--- Dataset extract ---
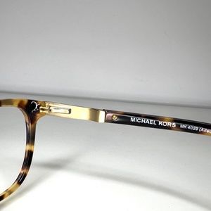 Michael Kors Eyeglass Frames in stylish animal print. These are the Adelaide III model (MK 4026). These beautiful trendy animal printed frames are sure to make a statement! Please note the lenses are not included (frames only). The frames are in great condition overall, however they do have some small scratches on gold Michael Kors temple detail (see photos). The lens width is 50 mm and the lens height is 38 mm. The frame with is 144 mm. Get your hands on this beautiful pair of quality Michael Kors eyeglass frames!
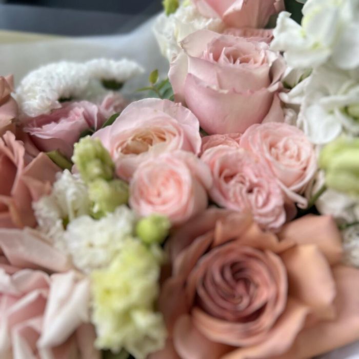 Авторский букет с сортовыми розами, ароматной маттиолой и лизиантус «Чудеса»
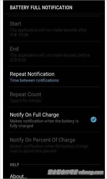 배터리 충전 완료 알려주는 어플을 설치하고 그냥 사용하면 됩니다 아무런 설정 옵션이 없습니다

--- Exercise directions ---
The output has to match the data above line for line, except that pictures are dropped.

--- Exercise result ---
 Michael Kors Eyeglass Frames in stylish animal print. These are the Adelaide III model (MK 4026). These beautiful trendy animal printed frames are sure to make a statement! Please note the lenses are not included (frames only). The frames are in great condition overall, however they do have some small scratches on gold Michael Kors temple detail (see photos). The lens width is 50 mm and the lens height is 38 mm. The frame with is 144 mm. Get your hands on this beautiful pair of quality Michael Kors eyeglass frames!
 Авторский букет с сортовыми розами, ароматной маттиолой и лизиантус «Чудеса»
 배터리 충전 완료 알려주는 어플을 설치하고 그냥 사용하면 됩니다 아무런 설정 옵션이 없습니다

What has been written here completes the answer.